Читаем Антология ивритской литературы. Еврейская литература XIX-XX веков в русских переводах полностью

Цви превратился в собственный памятник, из опасения, что, если он хоть чуточку шевельнется, то останется не только без рубашки, но и без растительности на груди. Лишь почувствовав, что мой словесный поток иссякает, а хватка ослабевает, он позволяет себе тонкую печальную улыбку. Осторожно переведя дыхание и заикаясь на каждом слове, он клянется, что немедленно, сию же секунду, найдет «малютку», который, очевидно, просто облюбовал себе место для зимней спячки. Признаться, меня не охватил восторг при мысли, что самец гадюки решил «переспать» со мной зиму. Да и не такие они опасные, осмелев, продолжает Цви. Все эти ужасы, которые рассказывают про змей, не более чем басня, выдумка несведущих людей. Змея не нападает первой — исключено! Только если на нее наступят или попытаются поймать, она может обороняться. К тому же от укуса гадюки давно найдено противоядие, к Цви готов написать формулу препарата, не сходя с места, пусть только ему дадут лист бумаги, ручек — тех завались, во всех карманах… Вот и утром ему пришлось черкнуть мне записку на мраморной плите, больше не на чем было… Кстати, о записке — видел ли я Яэль? Раз пять он звонил в лабораторию, но не застал.
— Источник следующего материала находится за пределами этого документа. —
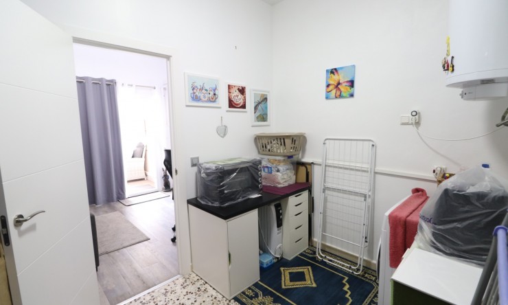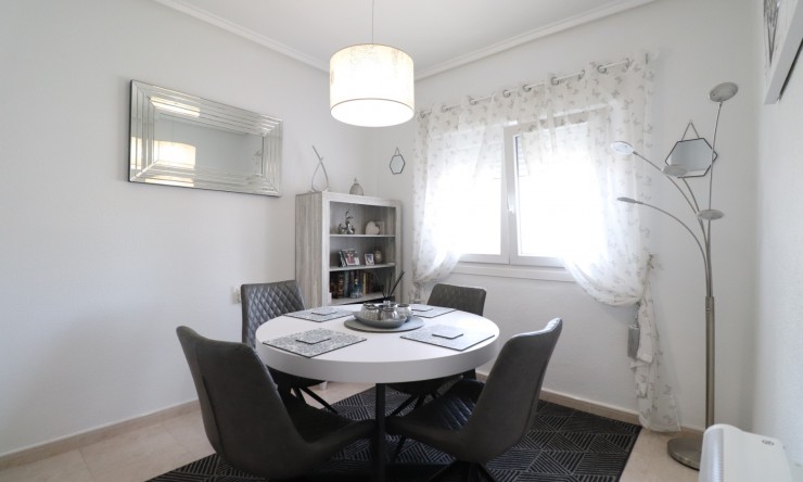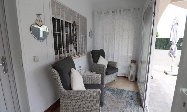This East Facing, Three Bedroom, Townhouse in Monte Azul is located on a well-established urbanisation, which benefits from its own bar and restaurant. Ideally positioned, it's only a 5-minute drive to the popular towns of Quesada and Benijofar, with both La Finca and La Marquesa golf courses reachable in just 10 minutes drive. The stunning beaches of the Costa Blanca South are approximately 15 minutes away by car, making this a fantastic location for both permanent living and holidays. This immaculate and spacious property boasts a generous build size of 136m2 and offers both front and rear access. Upon entering, you are welcomed by a glazed-in terrace with an added bonus of an electric sun blind — a perfect additional sitting area. The ground floor comprises a bright lounge with air conditioning and a wall-mounted heaters, a modern separate fitted kitchen with a door leading out to the rear patio, plus there is a utility room, a stylish shower room, and a double bedroom (currently used as a dining room). Upstairs features two further double bedrooms, including a master with air conditioning and a private terrace benefitting from a sun blind. There is also a spacious family bathroom with both a corner bath and a separate shower cubicle. The garage has been thoughtfully converted to provide a comfortable covered seating area and two additional rooms, one currently being used as an office — offering great versatility. Outside, the front tiled garden includes off-road parking, and residents have access to a lovely communal pool. This beautifully presented townhouse offers excellent space, comfort, and convenience, in a peaceful yet well-connected area of the Costa Blanca South.

Как это она до сих пор не вернулась? Неужели я не беспокоюсь за нее, ну вот нисколечко?

Отпускаю его, не спеша усаживаюсь на стул, складываю руки и устремляю на него взгляд, полный угрюмой безнадежности.

Поразительнее всего то, что он как бы вовсе не замечает присутствия ребенка. Посмотрев на Яали, как на пустое место, он принимается рыться в белье на постели, выискивая змеиные следы, точно дело происходит на лесной тропе. В нем просыпается охотничий азарт. Все чувства обострены. Все, кроме зрения, оно предает его на каждом шагу. Видит ли он вообще что-нибудь? Различает ли предметы? Я лично в этом сомневаюсь.

Время от времени он подползает ко мне, поднимает умную голову и говорит: «Вот увидишь, я найду ее. Ни о чем не беспокойся, спокойно занимайся своими делами, пиши диссертацию, я тебе не помешаю».

И с основательностью лунатика продолжает опрокидывать и переворачивать все, что еще можно опрокинуть и перевернуть в этом доме.

Через час предлагаю ему кофе, чтобы поддержать в нем жизненные силы. Делаю несколько бутербродов с медом, поскольку не сомневаюсь, что с ночи у него крошки во рту не было. «Ага, — он виновато улыбается, — совсем из головы вон». Весь день угробил на эту чертову больничную кассу, но так и не разобрался в тамошних административных порядках. У него сложилось впечатление, что он застрял в непроходимых тропических топях.

Снова мы сидим друг против друга в моей маленькой кухоньке перед пустыми кофейными чашками, Сидим в темноте, потому что от света у Цви разболелись глаза. Он пытается вытянуть меня на разговор, как-то развлечь. Например, объяснить в более или менее доступной форме, как ему завтра будут делать операцию. Чувствую, что у него нет больше сил, нет ни малейшего желания продолжать поиски треклятой змеи.

Он вымотан до последнего.

Несмотря на внушительную порцию кофе, язык его все больше заплетается, он вновь и вновь уверяет меня, что вот сейчас встанет и пойдет искать и, если даже не найдет «малышку» сегодня, то утром встанет пораньше и уж обязательно поймает. Но боже сохрани ее убивать, нет никакой надобности ее убивать…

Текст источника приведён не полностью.